We took a night train from Hanoi, 8 hours north to the small town of Lao Cai on the Chinese border. When we arrived at the train station at 4:30 in the morning, we were piled into a mini-bus with a mixture of other weary travelers and early rising locals. It was an hour drive from Lao Cai to Sapa on a winding mountain road that climbed over a mile of elevation through the alpine terrain to the old French hill station of Sapa. The dense, low lying mists seemed to have followed us all the way from Halong Bay, and the scenery that materialized through breaks in the fog was on a very grand scale. Mountain peaks soared over head, while cascading rice terraces followed the steep contours of the hillsides as they plunged into the valley below.
The town of Sapa is an interesting mix of French colonial architecture and traditional hill tribe structures. The hill tribe people who live in the mountains of north Vietnam are composed of a variety of nomadic ethnic minority groups whose farms and villages are scattered throughout the mountainous highlands.
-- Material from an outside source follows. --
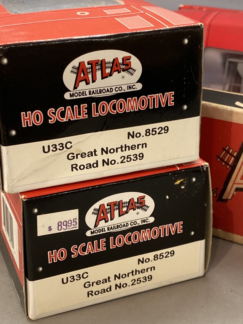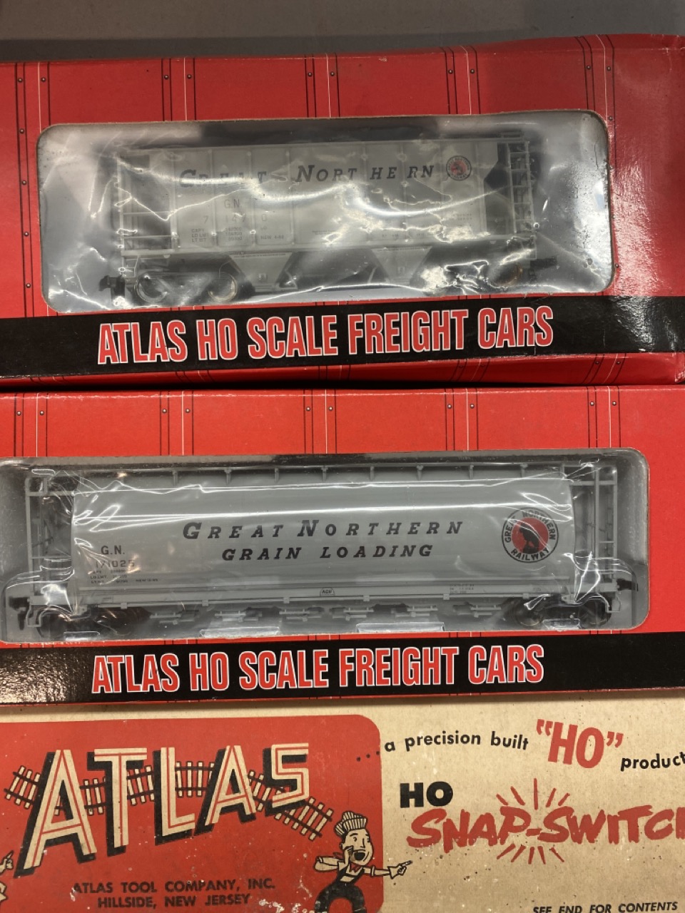 Atlas HO Trains 2 pieces no 8549 Great Northern and two hopper car, snap switch.

Although farming remains the primary source of subsistence for many of the these villagers, the rapidly developing tourism industry has provided new economic opportunities for some who now earn their living by selling handicrafts and embroidery to travelers as well as offering homestays and guided tours of their villages. It is a common sight in Sapa to see western travelers flanked on all sides by groups of Black H'mong or Red Dzoa women dressed in their traditional attire of elaborately embroidered clothing, offering up a selection of hand crafted garments or jewelry. Although the growing tourism market has offered new commercial opportunities to some of the hill tribe people, it is also contributing to the erosion of their traditional way of life and has lead to some forms of exploitation as children are often forced to sell trinkets or beg for money from travelers. The Vietnamese government has set up schools and health clinics in some of the villages in an attempt to integrate the younger generation in mainstream Vietnamese society. Although this will provide greater economic opportunities to what are some of the poorest communities in the country, it is also seen by some as an unwanted effort towards assimilation, while many of the tribal people wish to remain autonomous, and do not consider themselves a part of this or any nation.
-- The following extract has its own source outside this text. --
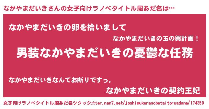 | 男性向けラノベタイトル風あだ名 | 『うちのなかやまだいきが世界を掌握している!』 |

For now, the tribal people, and particularly the youth, are living in between worlds. On our first hike in the mountains overlooking Sapa, we were passed by a group of Black H'mong teenagers dressed in their striking ensemble of of indigo dyed linen clothing, skirts, tunics and cylindrical hats. Every one of them was either talking on a cellphone or bobbing along to a track on their iPod as they hiked upward through the rocky terrain toward their village.
Later, we took a guided tour through a couple of hill tribe villages in the valley. We purchased some handicrafts and walked along the terraced rice patties. Once we were out of Sapa and down in the villages, nobody really paid us any mind, as they went about their daily business of plowing the fields and planting the new season's crops. This life of subsistence farming truly did feel a world apart from our daily lives in the "developed" world, and though it would be absurd to idealize this life of endless toiling and laboring and trusting in the land to provide, it struck both Tara and I profoundly the degree to which we are disconnected from the sources of our own subsistence back home. From the food we eat, to the clothes we wear, to the endless barrage of new products, we are so far removed from the origins and from the true cost of the items we consume on a daily basis.
After a couple of days of hiking through the breathtaking mountain scenery, we were ready to begin our long journey back to the beach. We spent our last afternoon in Sapa drinking Bia Hoi with a rotating cast of locals, all of whom were eager to practice their English with a couple of "Tay balos," a teasingly derogative term that translates more or less to scruffy western backpacker. Every time we finished a glass, it seemed that there was someone else there with a new pitcher to top us back off again. It was a good thing that our bus come along when it did, or else I may spent the whole afternoon at that Bia Hoi joint and Tara would have had to carry me back to the hotel.